5. Tendering shareholders will not be obligated to pay brokerage fees
or commissions or, except as otherwise provided in the Letter of
Transmittal, stock transfer taxes with respect to the purchase of Shares by
the Purchaser pursuant to the Offer. However, U.S. federal income tax
backup withholding at a rate of 31% may be required, unless an exemption is
provided or unless the required taxpayer identification information is
provided. See Instruction 9 of the Letter of Transmittal.
If you wish to have us tender any or all of your Shares, please so instruct
us by completing, executing, detaching and returning to us the instruction form
contained in this letter. An envelope in which to return your instructions to us
is enclosed. If you authorize the tender of your Shares, all such Shares will be
tendered unless otherwise specified in your instructions. YOUR INSTRUCTIONS
SHOULD BE FORWARDED TO US IN AMPLE TIME TO PERMIT US TO SUBMIT A TENDER ON YOUR
BEHALF PRIOR TO THE EXPIRATION OF THE OFFER.
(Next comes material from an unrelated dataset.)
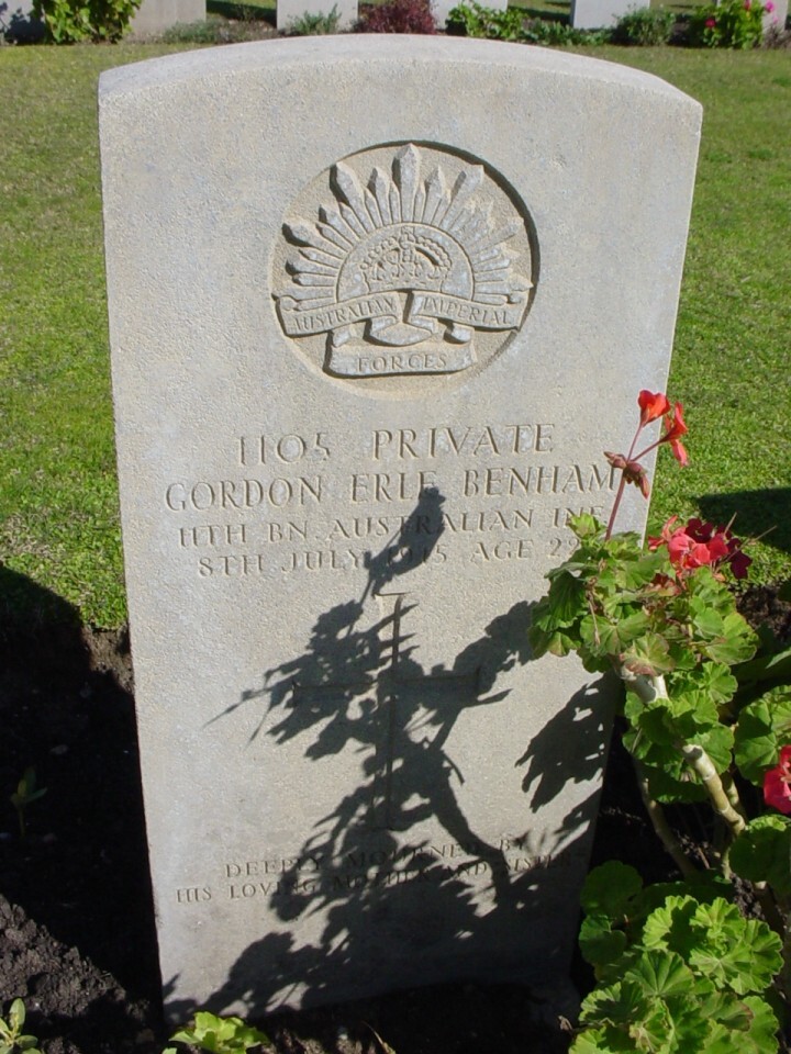 On April 25th Gordon landed with 11th Battalion at North Beach on the Turkish coast. He survived the landing and fought through all of May unscathed. On the 12th June he was taken to hospital but returned to the 11th Battalion two days later. On the 28th June 1915 Gordon was wounded in the right thigh by a Turkish bomb during a demonstration by the 11th Battalion against the Turks opposite. He was evacuated to the hospital ship “Sicilia” and taken back to Egypt. On arrival in Alexandria, Gordon was admitted to No.19 General Hospital though the wounds proved too severe to recover from and Gordon died on the 8th July 1915. Gordon Benham was buried in Alexandria in Chatby Military Cemetery Plot L.29

The Offer is made solely by the Offer, and is being made to all holders of
Shares. The Offer is not being made to (nor will tenders be accepted from or on
behalf of) holders of Shares in any jurisdiction in which the making of the
Offer or the acceptance thereof would not be in compliance with the laws of such
jurisdiction. In any jurisdiction where the securities, blue sky or other laws
require the Offer to be made by a licensed broker or dealer, the Offer shall be
deemed to be made on behalf of the Purchaser by Deutsche Bank Securities Inc. or
one or more registered brokers or dealers licensed under the laws of such
jurisdiction.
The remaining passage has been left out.